Wednesday, January 20, 2016

An Alcoholic Life


by Regina C.
Alcohol, booze, moonshine, liquid courage, in society these words usually bring to mind thoughts of a good time. They are often associated with bars, night clubs, parties, and fun nights with friends and strangers. On the surface it can seem like innocent fun, a couple of drinks after a day's work to unwind and relieve stress. For some people what starts as innocent fun can take a turn down a dark road.


Without realizing it, drinking to unwind after work can turn into drinking to celebrate a work success. Then you can start drinking to drown sorrows after a work defeat. Any emotion can be turned into an excuse to have a drink, or five. Life can turn into a blur of forgotten nights and hungover mornings.
This is what Pete Hamill's life became, after he was first introduced to the drink. Alcohol became a scapegoat for his problems. Instead of trying to fix relationships and solve problems he turned to drink.  He was cowardly. If he had problems with his father, he drank. If he disappointed his mother he drank. When he flunked out of school, he drank. Drinking became his buffer between the world and himself.
Drinking split his personality. He called the two halves of himself the Good Boy and the Bad Boy. He tried to be the Good Boy as often as he could, but more often found himself playing the role of the Bad Boy. His life soon became only these roles. He was never himself, only the Good or the Bad.
His life grew to have no meaning. His relationships were rocky, his health shot, his jobs constantly changing, and his sense of self gone, all because of drinking.

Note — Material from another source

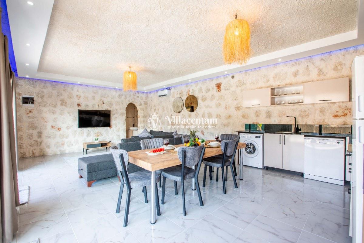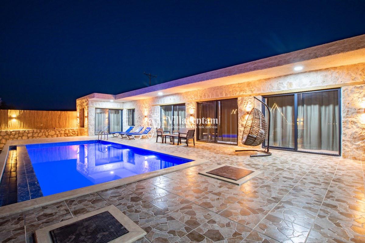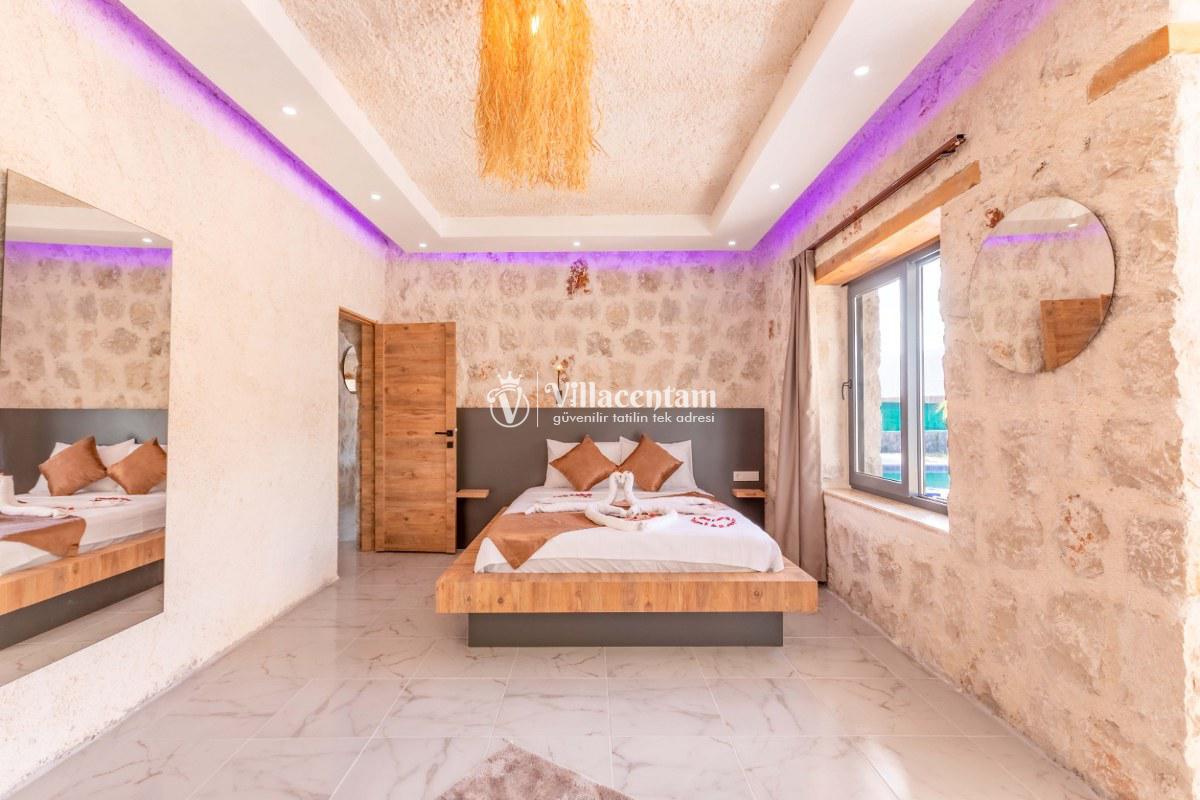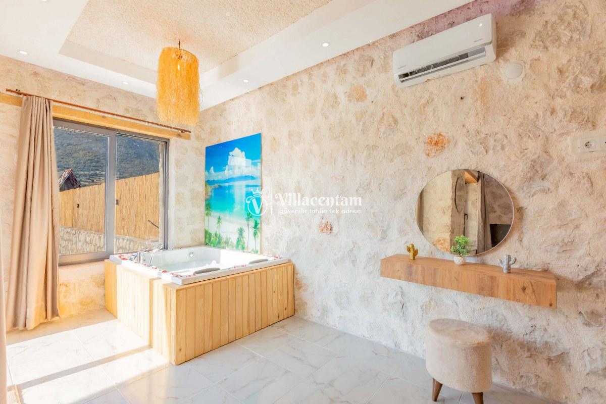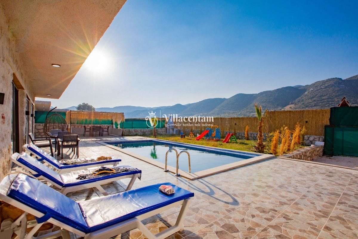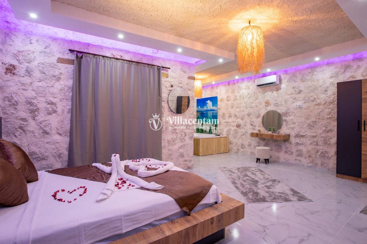 Villa Sunflower Tre, Kalkan Sarıbelen köyünde konumlanmakta olan yeşilliklerle kaplı doğa manzarasına hakim, taş yapı mimarisi ile otantik bir görünüme sahip kiralık villalarımız arasında yer almaktadır. Modern ve konforlu bir şekilde dekore edilen yazlık villamızda 2 adet yatak odası bulunmakta olup, 4 kişiye konaklama imkanı sağlamaktadır. Yatak odalarından bir tanesinin içerisinde tüm yılın vermiş olduğu yorgunluğu giderebileceğiniz jakuzi yer almaktadır. Her bir detayın en ince ayrıntısına kadar düşünüldüğü villamızda çocuklar için uygun mini oyun alanı mevcuttur. Havuz ve havuz terası korunaklı hale getirilen kiralık villamızı muhafazakar aileler, balayı çiftleri ve çekirdek aileler rahatlıkla tercih edebilirler. Sessizlik ve sakinlik içerisinde huzur dolu bir yazlık villada balayı tatili için Villa Sunflower Tre’ yi tercih edebilirsiniz.

The smartest decision he ever made in his life was to put down his glass.
He cut alcohol out of his life cold turkey,and he began to face his problems. Nothing was fixed right away, for drinking didn't cause his problems, it only hid them from him and made everything seem okay. But slowly but surely after he quit, he began to make his way slowly out of the rabbit hole he had tumbled down.
Reading this memoir taught me more things than I thought it would. It taught me that no matter what you can't run from your problems, and though you may start off on the wrong path you can find your way back to where you went astray.